I know I had to  CS has this http://www.clubstogie.com/vb/search.php?searchid=715471

Google had this amoung others. http://www.american.edu/TED/cachaca.htm is one hit and looks interesting. Great another interesting thing to look for.

Stacey


----------



## ResIpsa (Mar 8, 2006)

Warhorse545 said:


> Use the search ResIpsa seems to be the standard response.  And kidding honest.
> 
> Stacey


:r 
thanks Warhorse, I particularly like the info Clubstogie has on it


----------



## pinokio (Feb 7, 2005)

They make these fantastic refreshing "caipirinhas" with this cahaça! http://www.psillakis.com/fubar/caipirinha.JPG Some crushed lime, add crushed ice, yellow sugar and then with cahaça....... mmmm fantastic!


----------



## Lumpold (Apr 28, 2005)

I'm with the wooden, big nosed git.

Caiprinihas are great.

Cachaca is Brazils version of Cane Rum... A bit... rough around the edges, but who cares if you can make Caiprinihas.

Personal choice would be Pitu, but then the only two available round my way are that and 51. Pitu all the way.


----------



## partagaspete (Apr 27, 2004)

:tpd: 

What Lumpy said! I have a bottle of Pitu sitting in my cabinet and if the weathere is nice this weekend I will be enjoying some Caiprinihas and a fine smoke. If yhe weatherr does not cooperate I will enjoy some nice Guinness and a good smoke. Either way I'll be happy.

T


----------



## rumballs (Mar 15, 2005)

It's funny - most of what I found online said that Pitu tastes like :BS
Just goes to show that personal opinions are move valuable than stuff you find on the web.

In any event, I didn't buy any - since I got $350 worth of scotch and vodka...


----------



## montecristo#2 (May 29, 2006)

I've got a bottle of Pirassununga from Brazil which makes the best caipirinhas.

Did you get the lastest edition of the european cigar cult journal, they have a section of cachaca.


----------



## ATLGuitarPlayer (Sep 6, 2006)

Hey,
I've been looking for people who like Cachaca and want to express their opinions. Just figured I'd share my opinion about what I think is the best out there on the market and see what ya'll think.
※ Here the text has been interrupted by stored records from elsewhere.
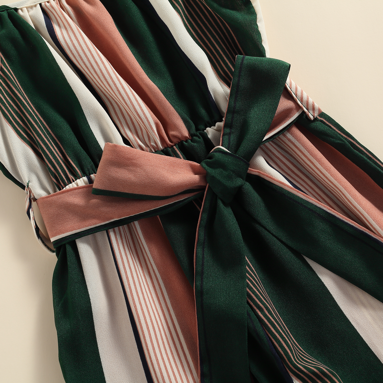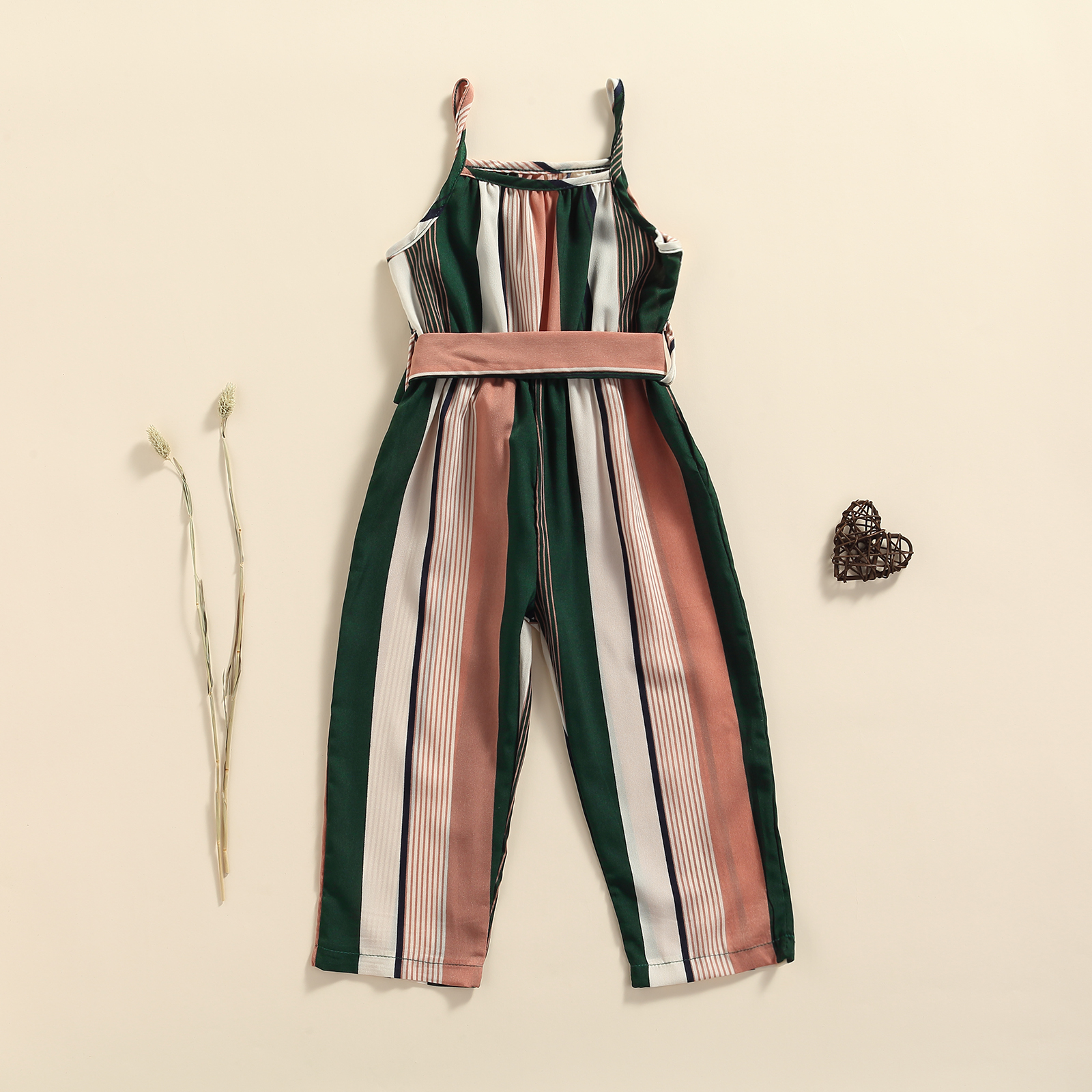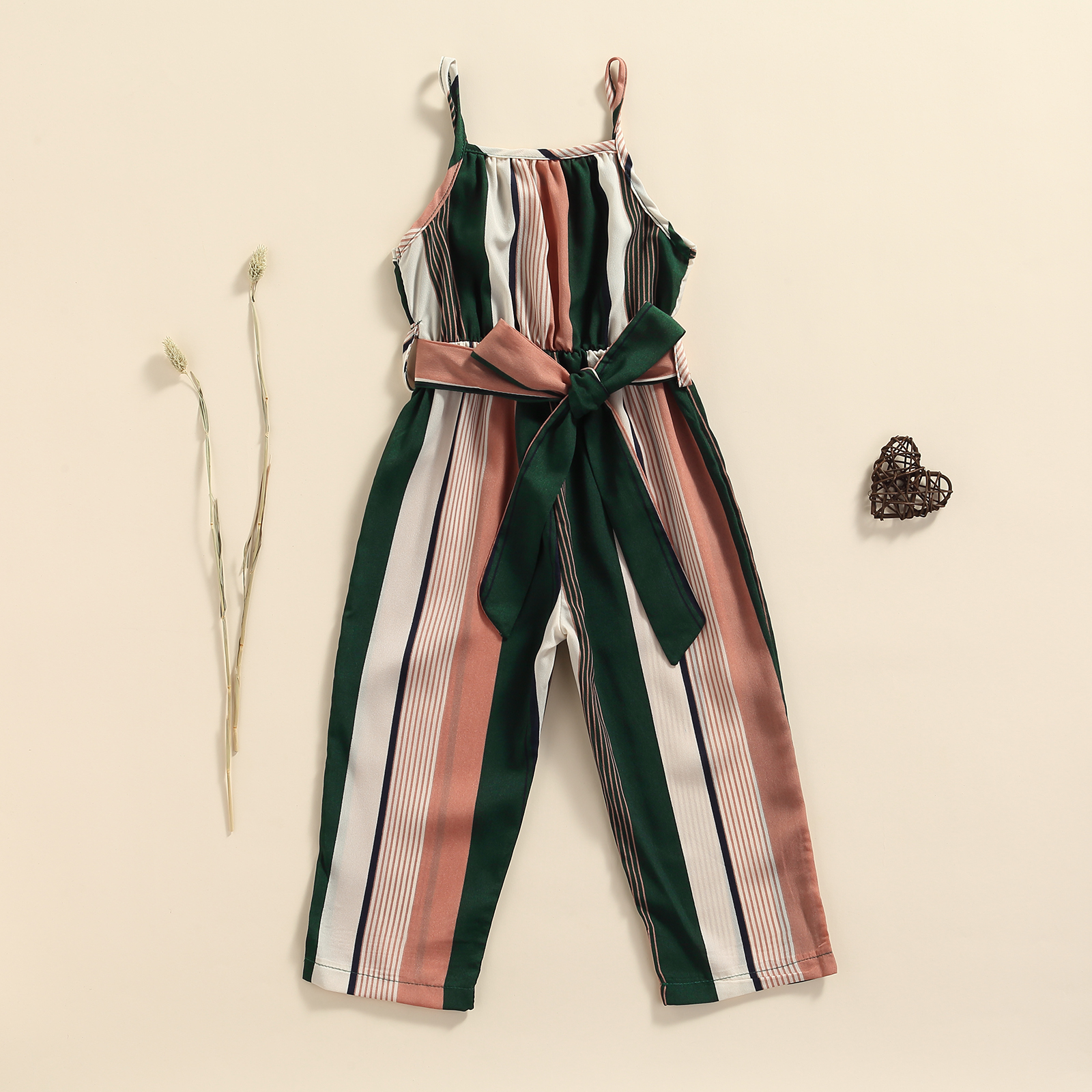 Girls Casual Bandage Sleeveless Suspender Jumpsuit Summer Stripe Printing Overalls Long Pants Children's Clothing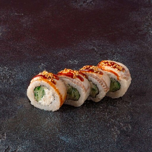 Рис, нори, творожный сыр, огурец, угорь, унаги соус, белый кунжут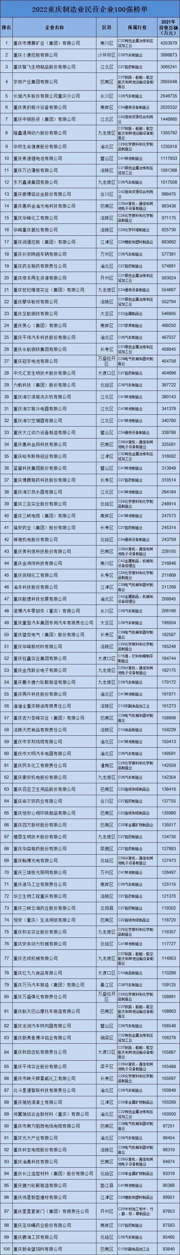 市工商联相关负责人表示,此次发布的重庆市民营企业100强,由区县工商联、商(协)会组织企业自愿在全国工商联民营企业上规模调研系统中申报,按营收总额排序而来。调研对象为注册在重庆辖区内的民营企业、非公有制经济成份控股的有限公司和股份有限公司,调研数据的时间范围是2021年1月1日至12月31日。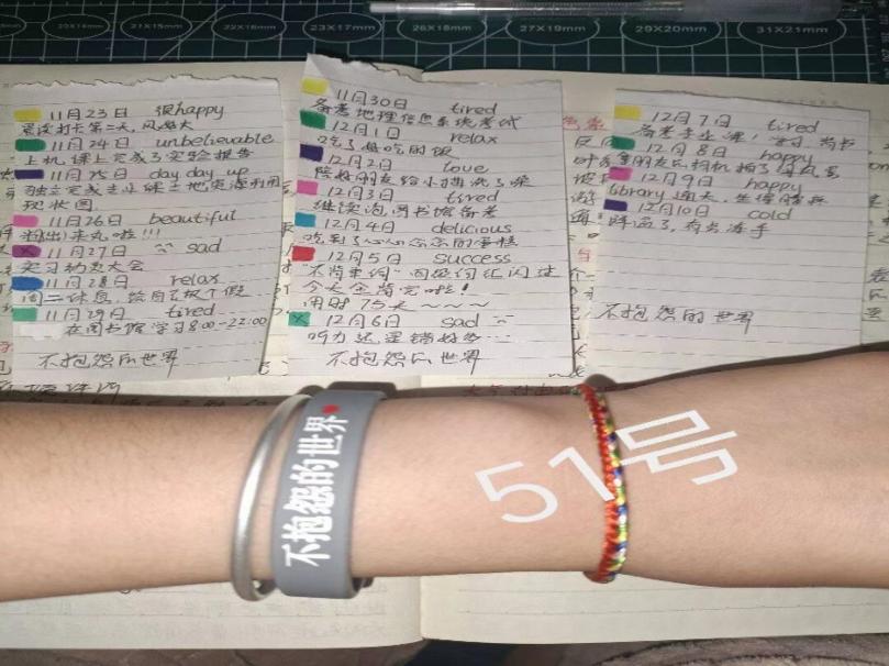 本次活动以“不抱怨的手环”为主题,从各班抽取积极参与同学共计100人,开展为期21天的心里特色活动。活动开始后为每位参与同学发放手环和台历,用于记录每天的情绪变化和手环更换次数,并建立QQ群进行活动汇总和打卡。21天结束后公布活动数据,选出本次活动的优秀参与者、记录详细者、情绪改善者发放活动奖品予以鼓励。

Personally I've tried various brands of Cachaca, 51 Pirassununga, Pitu, and Ypioca Ouro for a Caipirinha. Honestly I didn't think I liked Cachaca after trying my first few Caipirinhas. I was displeased with the harshness of the drink.

I thought it was the Caipirinha that I didn't like until I tried Agua Luca. It was by far the smoothest that I've come across so far. I was actually turned off to Cachaca because of previous experiences with other brands.

I recommend an Agua Luca caipirinha with a tobacco infused Grand Marnier in it.

Bottoms Up!


----------



## phiggey (Sep 6, 2006)

I've never had pitu, but I have had agua luca in a caipirinha - it had a sweet taste and a strong presence of alcohol, but it blended well and went down easy (watch out for this one, easy to drink too much.) My roomate tasted it and he compared it to a drink he had made with pitu - he said the difference was like a crowne royal compared to a cheap scotch whiskey (paralleling agua luca to the crowne). I picked a bottle up in a liquor store for something like 18-20 bucks which makes it even easier to have caipirinhas now - (again, watch out because these things are easy to drink and strong)


----------



## jxpfeer (Aug 14, 2006)

i love a good caipirinha. my mother is brazillian, and my grandfather used to make 'em all the time when i was younger (before he died). I have never actually been able to find some cachaca to buy to make my own at home. I am going to have to look harder i guess, cuz i'm really jones'n for a caipirinha!


----------



## Jim Bonfig (Sep 16, 2006)

mmblz said:


> Any cachaca experts out there?
> 
> Specifically, if I were to choose one of the following 3 to try, which should I choose:
> * Agua Luca
> ...


Agua Luca is the top of the line cachaca. It is filtered multiple times, since it is fermented from raw sugar cane which tends to leave solid particles in the finished product. Americans are familiar with rums which are derived from molasses. Agua Luca is smooth with a crisp finish and never dissapoints. Agua Luca originates in Brazil and is shipped to France to the same bottling operation that produced Grey Goose Vodka. Go to www.agualuca.com. for some interesting drink ideas. "Prosantos" "A toast to the Saints" There appears to be an Agua Luca Flavored Cigar in development for 2007. I hope you enjoy!


----------



## rumballs (Mar 15, 2005)

Jim Bonfig said:


> Agua Luca is the top of the line cachaca. It is filtered multiple times, since it is fermented from raw sugar cane which tends to leave solid particles in the finished product. Americans are familiar with rums which are derived from molasses. Agua Luca is smooth with a crisp finish and never dissapoints. Agua Luca originates in Brazil and is shipped to France to the same bottling operation that produced Grey Goose Vodka. Go to www.agualuca.com. for some interesting drink ideas. "Prosantos" "A toast to the Saints" There appears to be an Agua Luca Flavored Cigar in development for 2007. I hope you enjoy!


do you work for the company, or can we expect some posts about cigars now?


----------



## n2advnture (Aug 9, 2004)

Lumpold;480444Caiprinihas are great.[/QUOTE said:


> One of my favorite mixed drinks!
> 
> ~Mark


----------